FPGA Architecture: “In the beginning”, FPGA architectures consisted of mostly homogenous arrays of programmable logic blocks and bit level interconnect. Today, FPGA are an extremely heterogeneous mix of data paths, memories, and I/O intermixed with programmable logic. My doctoral work [B1] largely focused on the benefits of hardening FPGAs, i.e., adding custom data paths, memories, and I/O, which makes the FPGAs more efficient but simultaneously makes them less flexible. Thus, there is a fundamental tradeoff between customization and programmability that I explored during my PhD research and early academic career [B1, B2, J6, J14, C15, C18, C20, C32].
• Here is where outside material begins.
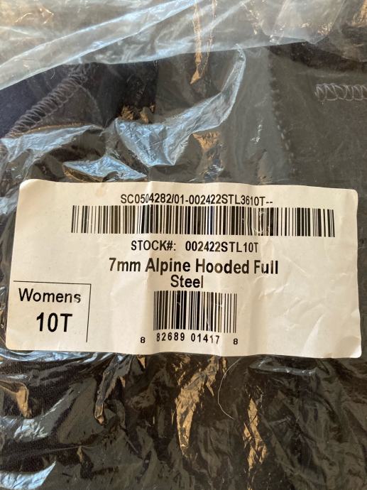 Potpuno novo, nikad koristeno BARE žensko ronilačko odijelo, 7mm jednodijelno s kapuljačom. Veličina je na etiketi 10T (odgovara evropskom broju 38-40 za visoke osobe)

Community Service: I am extremely active in the FPGA and hardware acceleration technical community. As General Chair, I am leading the organization of the 2019 IEEE International Symposium On Field-Programmable Custom Computing Machines (https://www.fccm.org/). I was the the Technical Program Committee Chair for IEEE International Conference on Application-specific Systems, Architectures and Processors (http://asapconference.org/2017.html). And I have served on the technical program committees for many of the major conferences including the International Symposium on Field Programmable Gate Arrays, International Conference on Application-specific Systems, Architectures and Processors, International Conference on Field Programmable Logic and Applications (FPL), and IEEE International Symposium on Field-Programmable Custom Computing Machines.